Colorectal cancer remains a global health concern, with carcinoembryonic antigen (CEA) serving as a pivotal biomarker. Our study aims to determine the prognostic significance of elevated CEA levels in US colorectal cancer patients using a population-based approach.

Methods

We accessed records from the National Cancer Institute's Surveillance, Epidemiology, and End Results (SEER) database covering patients diagnosed between 2010 and 2019, representing around 34.6% of the US population.

Results

We identified 190,500 colorectal cancer patients between 2010-2019 with confirmed CEA status. Among them, 97,212 (51%) had elevated CEA levels at diagnosis, and 92,288 (49%) had non-elevated CEA levels. Most cases were adenocarcinoma (97.3%), with 53.4% male and 46.6% female. On multivariate regression, Females had slightly higher odds of CEA positivity (OR 1.16, CI: 1.14, 1.18), and advanced age was associated with higher odds of CEA elevation (OR 1.8). High-grade tumors were more prevalent in patients with non-elevated CEA levels (72.7% vs. 60.3%, P < 0.001). The odds of CEA elevation were over 4 times higher in distant versus local disease (OR 4.56, CI: 4.37, 4.76). Ascending colon tumors exhibited lower odds of CEA elevation compared to descending colon tumors. In survival analysis, the crude risk of colon cancer-specific mortality for CEA elevation was 3.2 times higher than for non-elevated CEA, attenuated to 1.58 after adjusting for confounders. Interstingly, The impact of CEA elevation was more pronounced in early-stage (local) disease, with an HR of 1.95(CI 1.82, 2.09) compared to an adjusted HR of 1.38 for late-stage (distant) disease.

Conclusions

Elevated CEA levels at colorectal cancer diagnosis serve as a significant prognostic indicator independently associated with an increased risk of colon cancer-specific mortality, particularly impactful in early-stage disease.
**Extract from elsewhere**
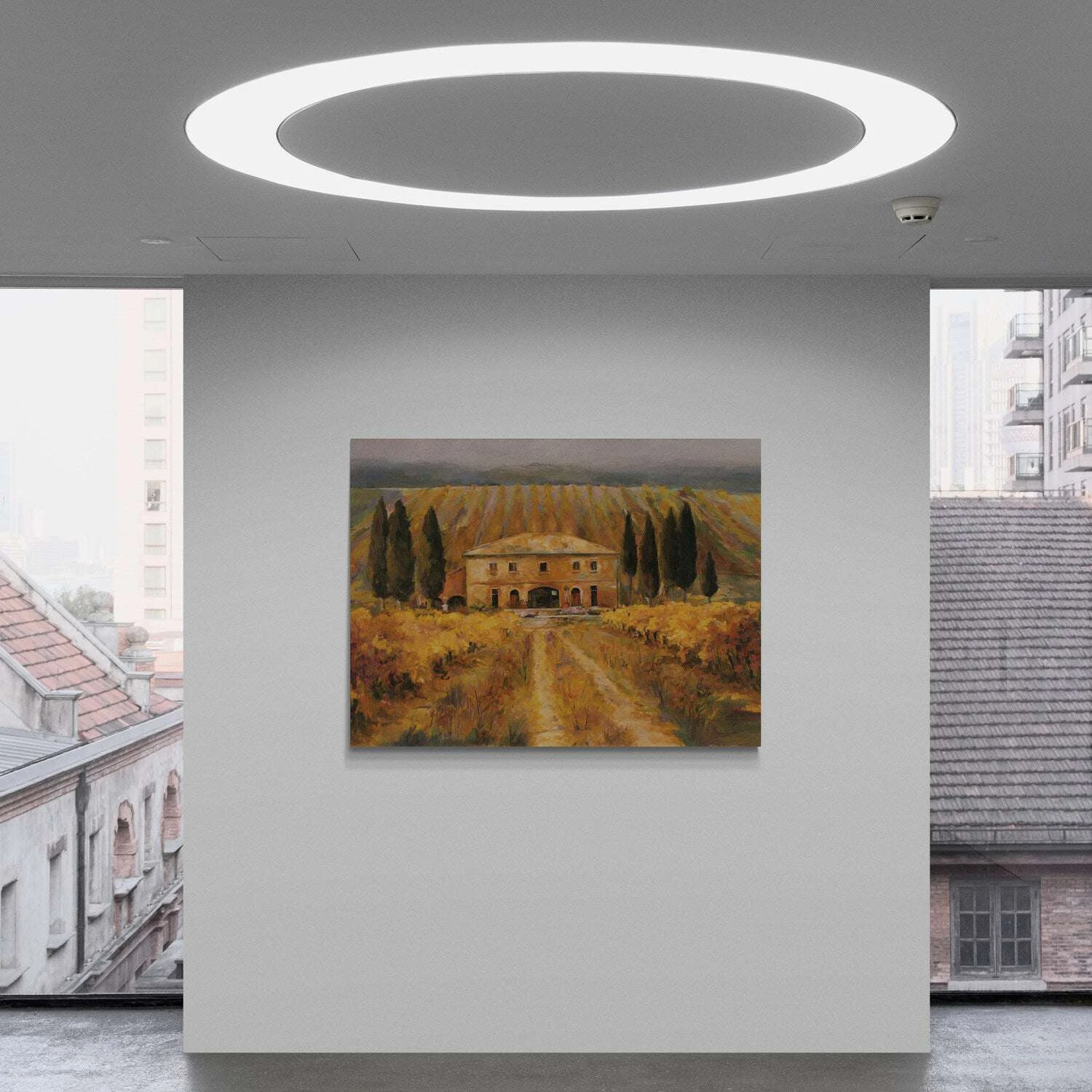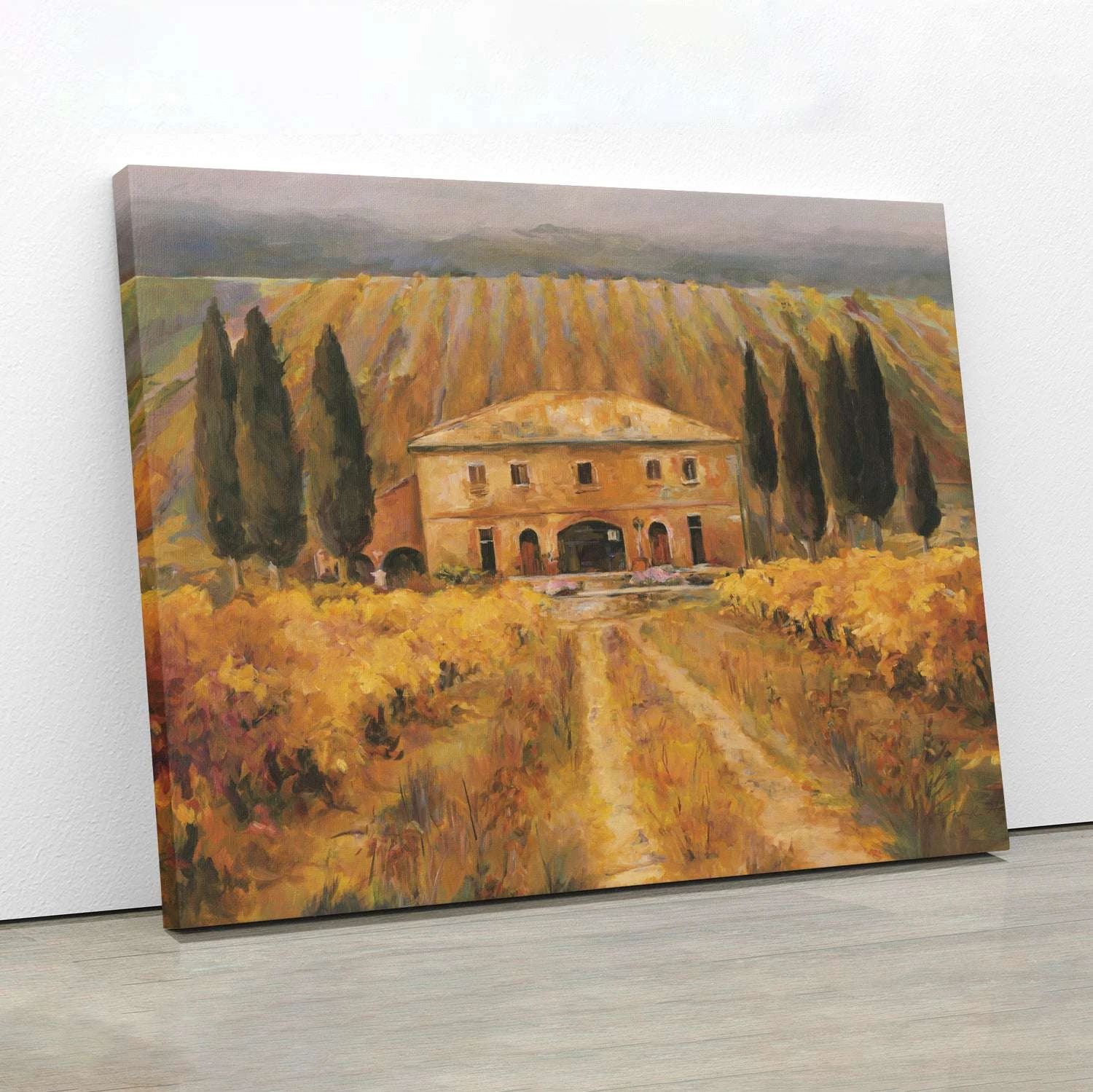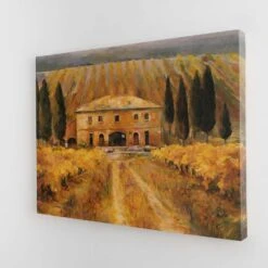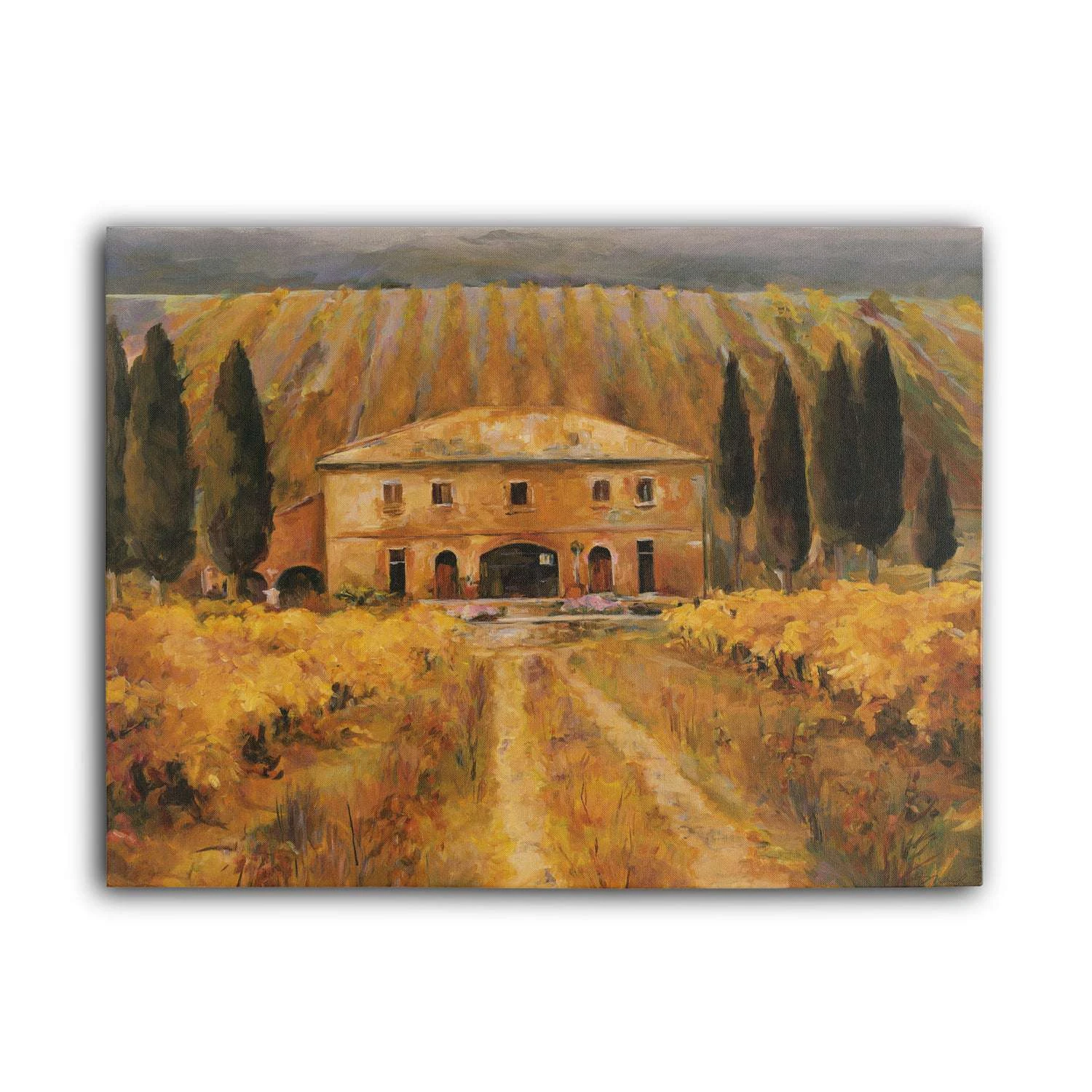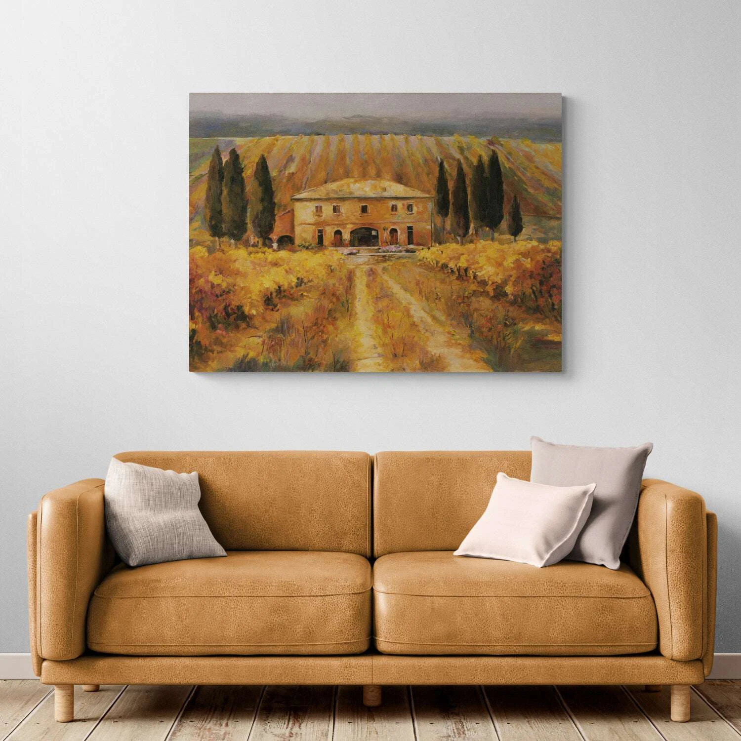 This vineyard painting by Marilyn Hageman is a contemporary work of art that depicts an Italian vineyard. The Ochre hues create a rich, warm feel to the Tuscany landscape. This print is an excellent choice for any wine lover who appreciates the beauty of Tuscany.
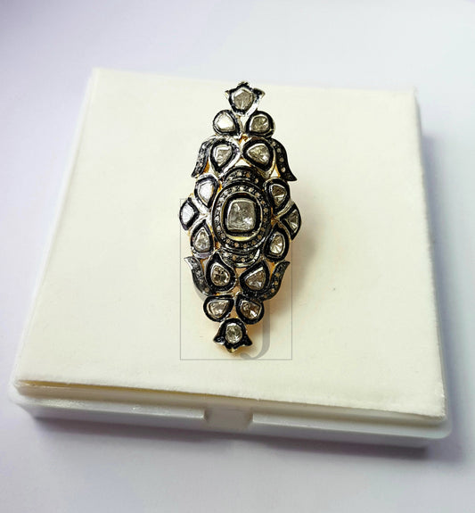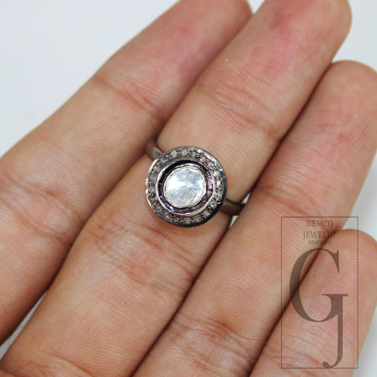 Very beautiful victorian style flat diamond polki ring Rosecut pave diamond rings 925 sterling silver handmade silver finish diamond ring

These insights highlight CEA's potential utility for risk stratification and treatment decision-making in colorectal cancer patients. Further investigation is needed to identify the underlying mechanisms driving CEA's prognostic significance, promising for unveiling novel biological pathways and refining tailored therapeutic approaches in this patient population.

Legal entity responsible for the study

The authors.

Funding

RP210130 from Cancer Prevention & Research Institute of Texas.

Disclosure

All authors have declared no conflicts of interest.